The current consumption during start of movements (as during speed testing) shows that the servo are doing it's very best to start immediately, there is no need for precision involved, just start as fast as possible . When the servo is to stop the picture is quite different, the the task is not only to stop, but to stop at the correct place. Inside the servo there is a regulating system (in the literature for control-systems, a so called servo-system:-) )this performs the math (and control) needed to make the servo stop in the wanted position.
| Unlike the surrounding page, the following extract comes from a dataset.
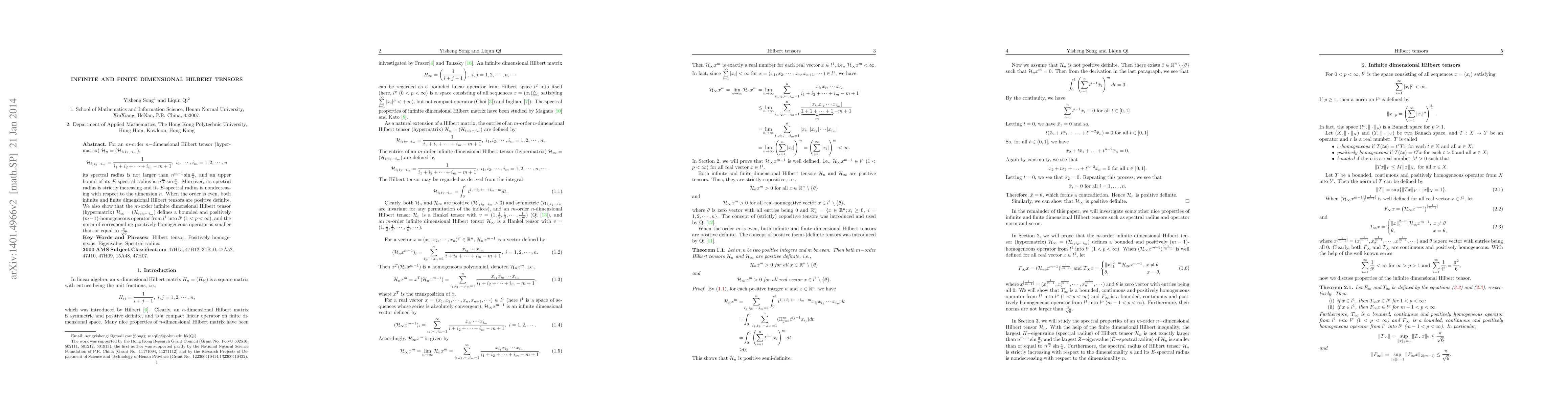 For an $m$-order $n-$dimensional Hilbert tensor (hypermatrix) $\mathcal{H}_n=(\mathcal{H}_{i_1i_2\cdots i_m})$, $$\mathcal{H}_{i_1i_2\cdots i_m}=\frac1{i_1+i_2+\cdots+i_m-m+1},\ i_1,\cdots, i_m=1,2,\cdots,n$$ its spectral radius is not larger than $n^{m-1}\sin\frac{\pi}{n}$, and an upper bound of its $E$-spectral radius is $n^{\frac{m}2}\sin\frac{\pi}{n}$. Moreover, its spectral radius is strictly increasing and its $E$-spectral radius is nondecreasing with respect to the dimension $n$. When the order is even, both infinite and finite dimensional Hilbert tensors are positive definite. We also show that the $m$-order infinite dimensional Hilbert tensor (hypermatrix) $\mathcal{H}_\infty=(\mathcal{H}_{i_1i_2\cdots i_m})$ defines a bounded and positively $(m-1)$-homogeneous operator from $l^1$ into $l^p$ ($1

For each current-pulse it's calculating the pulse-width needed to perform the requested positioning. The graphs below shows how a JR DS-8401 start it's movement in 30-40 [ms] with long pulses, and stops in 40-50[ms] with pulses that are of different length.
When making the test-rig I have made an effort to supply the servos with as stable voltage as I could. To verify this the graph below shows the current consumed and the voltage deviation from 5.0[V] during start of movement. The voltage drop is just above 20[mV] (that's 0.02V) during a 1.7[A] current pulse, which is far better than to be expected in a real life situation in out models. Our batteries and cable resistance makes it far worse leading to slower and weaker servos than what my test results indicate (unless if you run a higher voltage initially, of course).